Capitalism has failed blue collar workers, who now face a greater crisis than COVID-19
An even bigger humanitarian crisis than COVID-19 awaits blue collar workers in the US and in India, where suicides and other mental health issues are affecting the workers
Deaths Of Despair And The Future Of Capitalism, is a best-seller co-authored by Anne Case and Angus Deaton, professors of economics at Princeton University. They had sounded alarm bells about the overwhelming surge in deaths and shed light on the social and economic forces that are making life harder for the working class in the US, even before the virus had struck. In this critically acclaimed book, Anne Case and Angus Deaton tie the crisis to the weakening position of labour and the growing power of corporations.
The book narrates several stories like that of a 43-year-old white man whom the authors call Darin. Darin was recently divorced and recovering from a car accident when he was fired from his job in a biscuit factory. Deaths Of Despair And The Future Of Capitalismis about such American people, especially about vulnerable American white men without a four year bachelor’s degree. Midlife deaths from drugs and alcohol (though not suicides) spiked in black communities in the 1980s, when offshoring of factory jobs deprived the blue-collar black men of well-paid jobs in the US that made them proud at home and in society. Blacks suffered the first wave of deaths of despair - and it was now spreading to the blue-collar white men without formal degrees. Because of competition from cheap labour in the global south and robots at home, capitalism is failing the blue-collar workers in the US. While the answer may not be to eliminate so-called free enterprise altogether, the authors caution that the US needs to urgently fix the problem.
The economic hardships, job losses, grief and isolation related to COVID-19 are creating an unprecedented mental health crisis in the US that researchers warn could make the already-rising suicide rate worse.
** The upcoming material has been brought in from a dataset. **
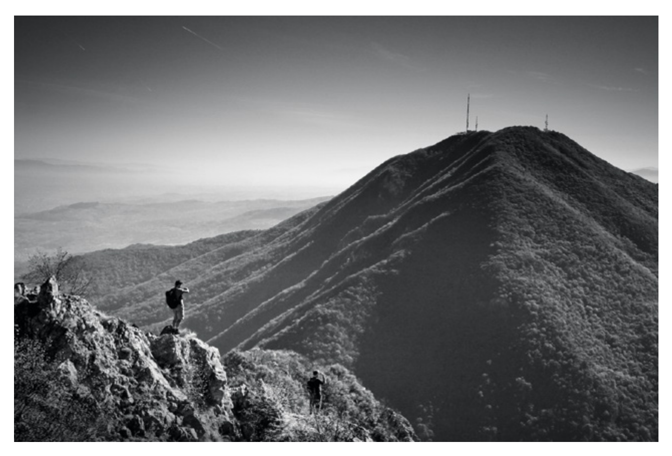
A view on Mountain Ovcar from Mountain Kablar, Ovcarsko-kablarska klisura.

A research study released by the Well Being Trust and researchers affiliated with the American Academy of Family Physicians on Friday found that over the next decade, as many as 75,000 additional people in the US could die from “deaths of despair” as a result of the Coronavirus crisis.
Mental health experts worry that the economic uncertainty and social isolation of the pandemic will make things worse at a time when the health care system is already overwhelmed in the US. “There’s a paradox. Social isolation protects us from a contagious, life-threatening virus, but at the same time it puts people at risk for things that are the biggest killers in the United States: suicide, overdose and diseases related to alcohol abuse,” said Jeffrey Reynolds, president of a Long Island-based nonprofit social services agency, the Family and Children’s Association. Data is showing that lower-income Americans are more impacted by Coronavirus-related stress than their wealthier counterparts. A Kaiser Family Foundation study found that 26% of Americans making less than $ 40,000 a year said that the virus had a “major negative impact” on their mental health, compared to only 14% of Americans making $90,000 or more a year who said the same.
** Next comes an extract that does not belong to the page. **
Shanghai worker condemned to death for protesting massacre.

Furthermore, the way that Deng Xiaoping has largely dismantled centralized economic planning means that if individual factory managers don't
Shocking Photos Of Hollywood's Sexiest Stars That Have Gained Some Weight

In India too, the COVID-19 lockdown has turned into a humanitarian crisis for the lowpaid blue-collar employees and migrant workers. Lacking jobs and money, and with public transportation shut down, hundreds of thousands of migrants who have no job security or protection, were forced to trek often hundreds of miles back to their home villages – with some dying on the road, noted the Office of the United Nations High Commissioner for Human Rights (OHCHR). The nationwide lockdown in India has impacted nearly 40 million internal migrants, the World Bank has said. The World Bank has called on the Indian government to include all migrant workers in public services, including healthcare and cash transfer programmes.
Millions of India’s migrant labourers say they are in a limbo, struggling to access aid to survive the 59-day-long lockdown in the states where they work. The Indian migrant workers’ woes were first noticed by the media and government only when lakhs of them had started walking hundreds of kilometres to reach their homes. Towards the end of the lockdown 2.0, the Indian government decided that something has to be done to move the restless migrant workers to their home states. Hence, many states have started running special trains.
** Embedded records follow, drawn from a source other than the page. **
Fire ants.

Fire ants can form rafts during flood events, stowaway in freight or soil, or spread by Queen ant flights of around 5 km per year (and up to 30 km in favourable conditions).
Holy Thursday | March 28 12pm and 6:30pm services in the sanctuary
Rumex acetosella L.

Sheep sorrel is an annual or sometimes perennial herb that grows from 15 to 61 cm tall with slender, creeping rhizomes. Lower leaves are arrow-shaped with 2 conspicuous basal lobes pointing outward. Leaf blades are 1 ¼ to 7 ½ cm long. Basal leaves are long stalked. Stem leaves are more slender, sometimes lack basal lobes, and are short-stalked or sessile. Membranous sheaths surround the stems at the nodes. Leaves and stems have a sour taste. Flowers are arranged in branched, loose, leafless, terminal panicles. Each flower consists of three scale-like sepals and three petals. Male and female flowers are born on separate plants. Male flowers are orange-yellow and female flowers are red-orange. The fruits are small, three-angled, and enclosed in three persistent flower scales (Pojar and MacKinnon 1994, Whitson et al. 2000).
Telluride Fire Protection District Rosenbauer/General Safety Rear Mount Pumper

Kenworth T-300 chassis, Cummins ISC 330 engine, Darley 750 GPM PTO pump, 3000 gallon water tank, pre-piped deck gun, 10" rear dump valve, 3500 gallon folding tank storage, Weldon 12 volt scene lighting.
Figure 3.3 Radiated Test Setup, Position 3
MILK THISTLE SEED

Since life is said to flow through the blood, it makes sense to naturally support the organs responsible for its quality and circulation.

The life of a migrant worker would never be the same as before, whenever he or she reaches home. The first question would be of livelihood. Apart from jobs, most of them have exhausted their savings as well. Harvest season of wheat, which comes as an employment opportunity, is already over when they go home in summer. “Home states like UP and Bihar had little to offer to them. Otherwise, they would have never migrated to faraway states in the first place. Villages and small towns don’t have much opportunities anyway,” says Brajesh Mishra, Editor-in-Chief of Bharat Samachar TV.
The Indian migrant workers are a dejected lot. In spite of unemployment or under-employment in their native villages, many of them may shun the cities even after the lockdown ends. Luckily, the endurance, resignation and forbearance qualities of Indian migrant workers and blue-collar employees are relatively high, compared to their counter-parts in the US. The Indian migrant workers’ and blue-collar employees’ misery may be high, but they will surely fight back against the deaths of despair.
(V VenkateswaraRao is a retired corporate professional and a freelance writer)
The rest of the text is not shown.